For further research: another idea to model the problem including pathway information would be to use a bipartite graph in which one set corresponds to the samples and another set corresponds to the genes. A node between those two sets has a weight that corresponds to the expression level of that gene in the sample. To avoid a fully connection between those two sets, one could remove nodes that have a weight smaller than $\epsilon$. The pathway information could be added by connecting gene nodes with each other that contribute to the same pathway.

 ### Tasks
 * #### Find bi-cluster algorithm to detect overlapping clusters (in the best case with open source)
 * #### Check out BicOverlapper 2.0: visual analysis for gene expression
 * #### How many pathways for the human are there in the KEGG database?
 * #### What would be nice threshoulds for pathways to include them as additional information
 * #### Is PPI based on pathway data or vice versa?
 * #### Structure mid-term presentation

---

## 1. Find bi-cluster algorithm to detect overlapping clusters (in the best case with open source)

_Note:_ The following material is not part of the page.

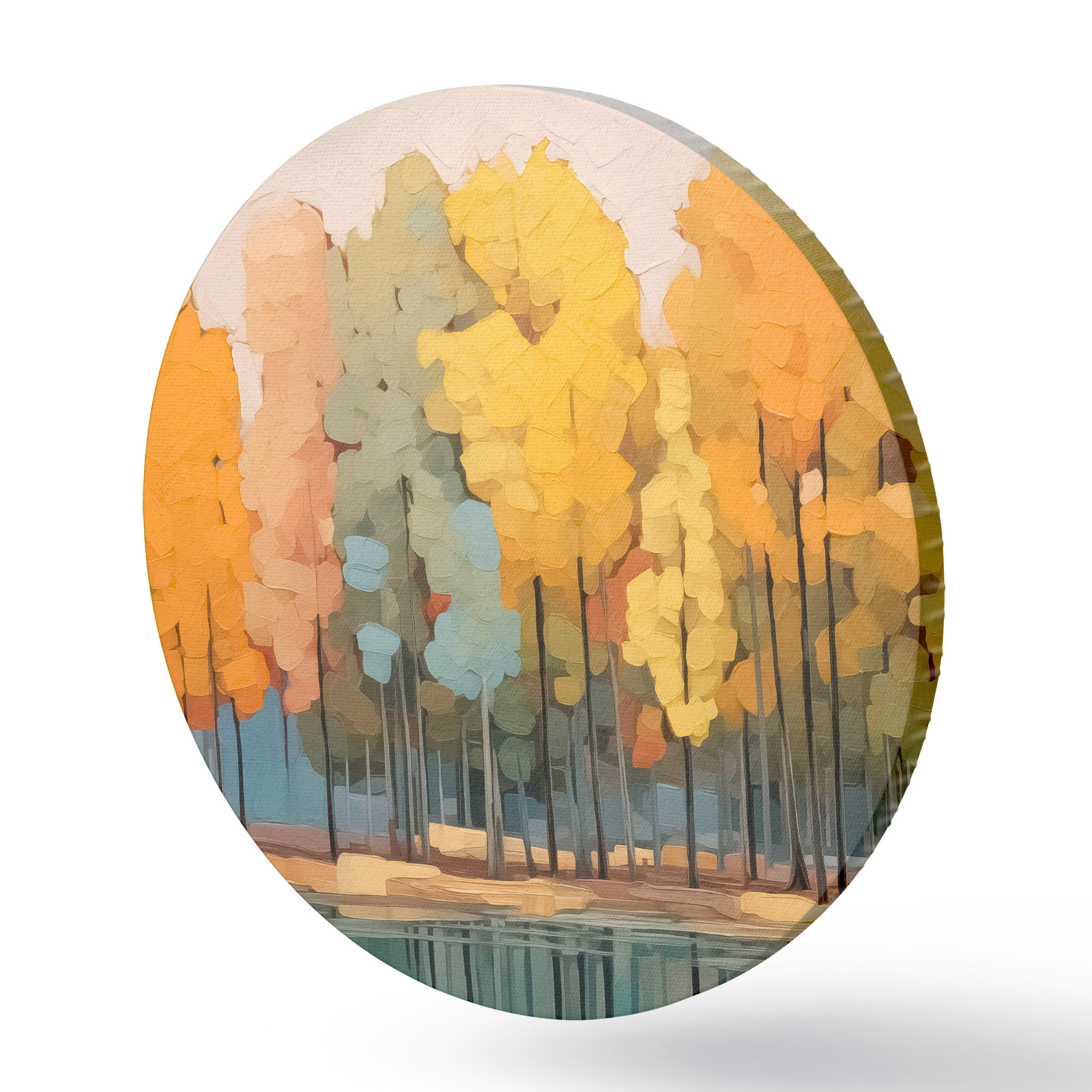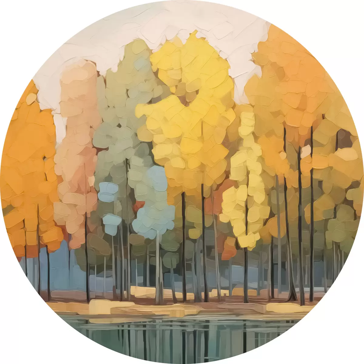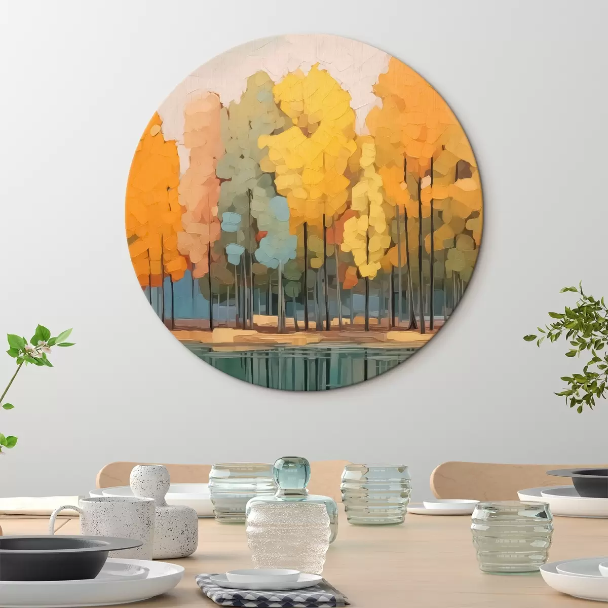 Cuadros redondos Arboleda otoñal junto al estanque imitación de pintura r42586

- [BiMax](http://ocw.metu.edu.tr/file.php/40/Schedule/reading8.pdf) seems to be able to do that ([OS Implementation](http://www.kemaleren.com/the-bimax-algorithm.html))
- [This](https://bmcbioinformatics.biomedcentral.com/track/pdf/10.1186/1471-2105-13-S18-A10?site=bmcbioinformatics.biomedcentral.com) describes that the problem BiMax is focusing on can be solved more efficiently using the [Bron-Kerbosch algorithm](https://gist.github.com/abhin4v/8304062) to enumerate all maximal bicliques in a bipartite graph.

## 2. Check out BicOverlapper 2.0: visual analysis for gene expression
- Segmentation Fault ...

## 3. How many pathways for the human are there in the KEGG database?
- 322 (http://www.kegg.jp/kegg-bin/search_pathway_text?map=hsa&keyword=&mode=1&viewImage=true)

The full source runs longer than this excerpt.